Но эти настроения не могли заставить Островского опустить руки. Напротив, после тяжелого раздумья он с новым рвением набрасывался на работу и сообщал совсем другие вести вроде следующей: “Вот уже две недели я до самозабвения работаю над преобразованием театрального училища, а теперь страдаю на экзаменах всякой мелочи обоего пола”.
Очевидец рассказывает, до каких пределов доходило утомление Островского.
Почти каждый день он являлся домой измученный, с потухшим взглядом, опускался в кресло и в течение некоторого времени не мог вымолвить слова…
– Дай мне опомниться, прийти в себя, – начинал он. – Я сегодня чуть не умер. Мне не хватало воздуха, нечем было дышать… Ревматизм не позволяет от боли пошевелить руками… Народу, с которым надо было объясняться, пропасть… Потом доклады – я сегодня подписал шестьдесят бумаг, – и вот видишь, в каком состоянии воротился домой…

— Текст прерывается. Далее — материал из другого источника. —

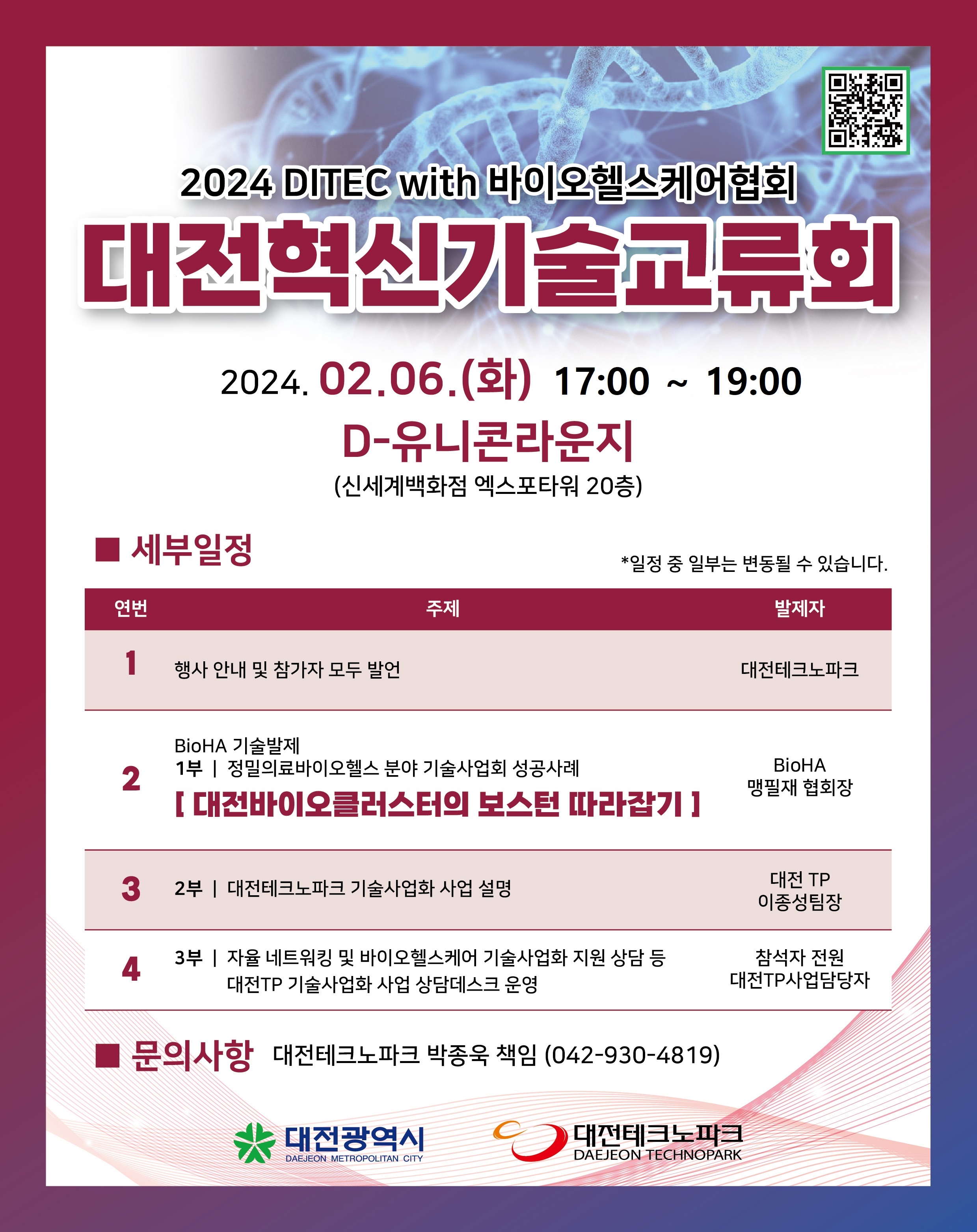 4. 문의처 : 대전테크노파크 기술사업화팀 박종욱 책임 042-930-4819 / 송후섭 책임 042-930-4817

Едва отдохнув, вечером он отправлялся в театр – большею частью успевал посетить тот и другой, – волновался, видя неисправности, и дома засыпал беспокойным и тревожным сном.
После нескольких месяцев изнурительного труда Островский собрался поехать в деревню. Имение это – сельцо Щелыково Кинешемского уезда – было приобретено еще отцом Островского, по завещанию покойного досталось его второй жене, и она продала его своему пасынку.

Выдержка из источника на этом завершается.